Any picture in the data below gets skipped; print all the rest exactly.

## Input data
-- Opening Marker --

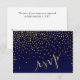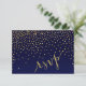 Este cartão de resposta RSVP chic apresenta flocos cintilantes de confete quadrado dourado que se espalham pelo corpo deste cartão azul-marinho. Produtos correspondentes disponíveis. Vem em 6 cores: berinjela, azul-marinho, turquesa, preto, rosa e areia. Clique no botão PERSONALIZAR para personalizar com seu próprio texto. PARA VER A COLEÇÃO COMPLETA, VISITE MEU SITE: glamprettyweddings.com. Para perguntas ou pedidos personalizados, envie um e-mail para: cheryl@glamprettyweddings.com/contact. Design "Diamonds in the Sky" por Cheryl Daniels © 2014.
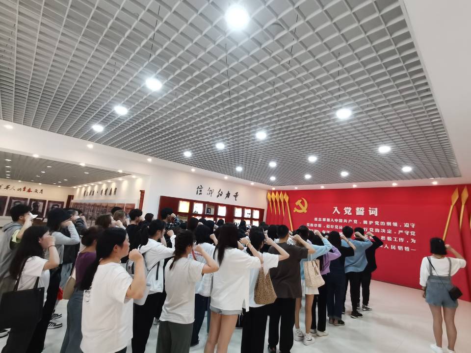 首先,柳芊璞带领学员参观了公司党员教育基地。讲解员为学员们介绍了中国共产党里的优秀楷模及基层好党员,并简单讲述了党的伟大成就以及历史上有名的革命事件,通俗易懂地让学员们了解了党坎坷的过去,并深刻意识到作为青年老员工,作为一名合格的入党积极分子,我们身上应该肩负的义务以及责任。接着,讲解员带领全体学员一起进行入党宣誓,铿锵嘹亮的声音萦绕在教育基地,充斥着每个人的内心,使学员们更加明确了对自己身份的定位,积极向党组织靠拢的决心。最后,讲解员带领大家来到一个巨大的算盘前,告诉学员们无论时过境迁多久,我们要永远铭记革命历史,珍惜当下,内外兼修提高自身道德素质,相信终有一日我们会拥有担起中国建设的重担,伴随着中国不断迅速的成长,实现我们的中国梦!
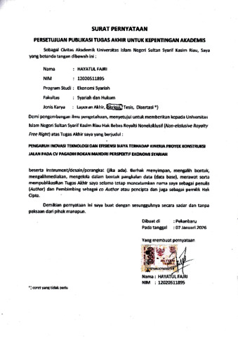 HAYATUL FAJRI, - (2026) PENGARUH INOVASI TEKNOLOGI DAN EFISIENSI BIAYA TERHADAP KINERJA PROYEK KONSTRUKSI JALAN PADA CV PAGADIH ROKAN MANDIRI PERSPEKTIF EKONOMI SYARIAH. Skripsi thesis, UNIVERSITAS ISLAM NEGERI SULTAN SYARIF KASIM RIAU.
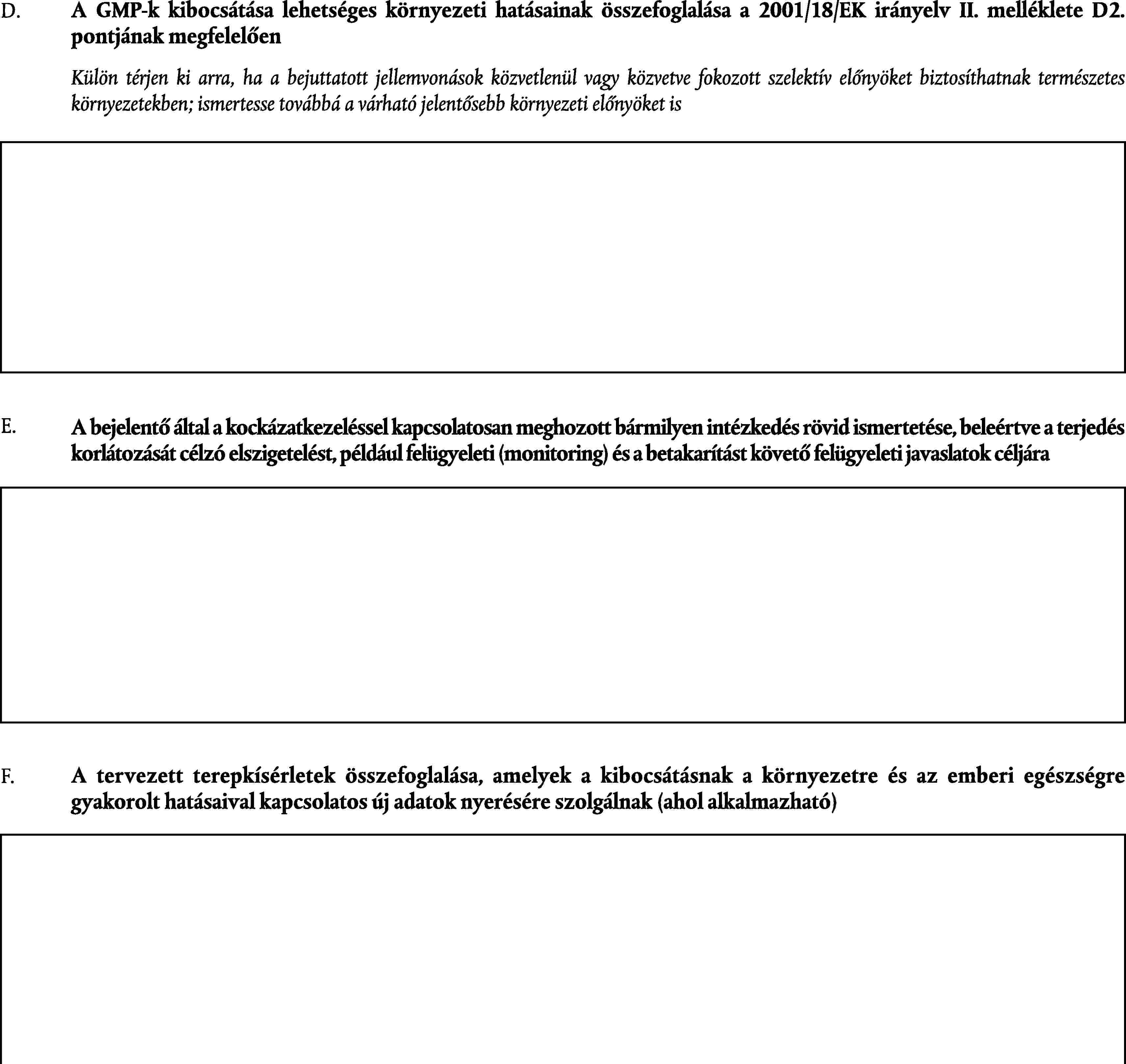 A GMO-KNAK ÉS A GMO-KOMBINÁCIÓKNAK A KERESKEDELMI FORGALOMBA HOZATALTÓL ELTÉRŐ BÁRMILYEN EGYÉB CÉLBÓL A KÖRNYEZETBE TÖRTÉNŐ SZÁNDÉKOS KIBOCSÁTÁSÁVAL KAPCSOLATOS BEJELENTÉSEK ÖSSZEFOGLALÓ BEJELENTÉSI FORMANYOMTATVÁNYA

-- Closing Marker --

## Written reply
 Este cartão de resposta RSVP chic apresenta flocos cintilantes de confete quadrado dourado que se espalham pelo corpo deste cartão azul-marinho. Produtos correspondentes disponíveis. Vem em 6 cores: berinjela, azul-marinho, turquesa, preto, rosa e areia. Clique no botão PERSONALIZAR para personalizar com seu próprio texto. PARA VER A COLEÇÃO COMPLETA, VISITE MEU SITE: glamprettyweddings.com. Para perguntas ou pedidos personalizados, envie um e-mail para: cheryl@glamprettyweddings.com/contact. Design "Diamonds in the Sky" por Cheryl Daniels © 2014.
 首先,柳芊璞带领学员参观了公司党员教育基地。讲解员为学员们介绍了中国共产党里的优秀楷模及基层好党员,并简单讲述了党的伟大成就以及历史上有名的革命事件,通俗易懂地让学员们了解了党坎坷的过去,并深刻意识到作为青年老员工,作为一名合格的入党积极分子,我们身上应该肩负的义务以及责任。接着,讲解员带领全体学员一起进行入党宣誓,铿锵嘹亮的声音萦绕在教育基地,充斥着每个人的内心,使学员们更加明确了对自己身份的定位,积极向党组织靠拢的决心。最后,讲解员带领大家来到一个巨大的算盘前,告诉学员们无论时过境迁多久,我们要永远铭记革命历史,珍惜当下,内外兼修提高自身道德素质,相信终有一日我们会拥有担起中国建设的重担,伴随着中国不断迅速的成长,实现我们的中国梦!
 HAYATUL FAJRI, - (2026) PENGARUH INOVASI TEKNOLOGI DAN EFISIENSI BIAYA TERHADAP KINERJA PROYEK KONSTRUKSI JALAN PADA CV PAGADIH ROKAN MANDIRI PERSPEKTIF EKONOMI SYARIAH. Skripsi thesis, UNIVERSITAS ISLAM NEGERI SULTAN SYARIF KASIM RIAU.
 A GMO-KNAK ÉS A GMO-KOMBINÁCIÓKNAK A KERESKEDELMI FORGALOMBA HOZATALTÓL ELTÉRŐ BÁRMILYEN EGYÉB CÉLBÓL A KÖRNYEZETBE TÖRTÉNŐ SZÁNDÉKOS KIBOCSÁTÁSÁVAL KAPCSOLATOS BEJELENTÉSEK ÖSSZEFOGLALÓ BEJELENTÉSI FORMANYOMTATVÁNYA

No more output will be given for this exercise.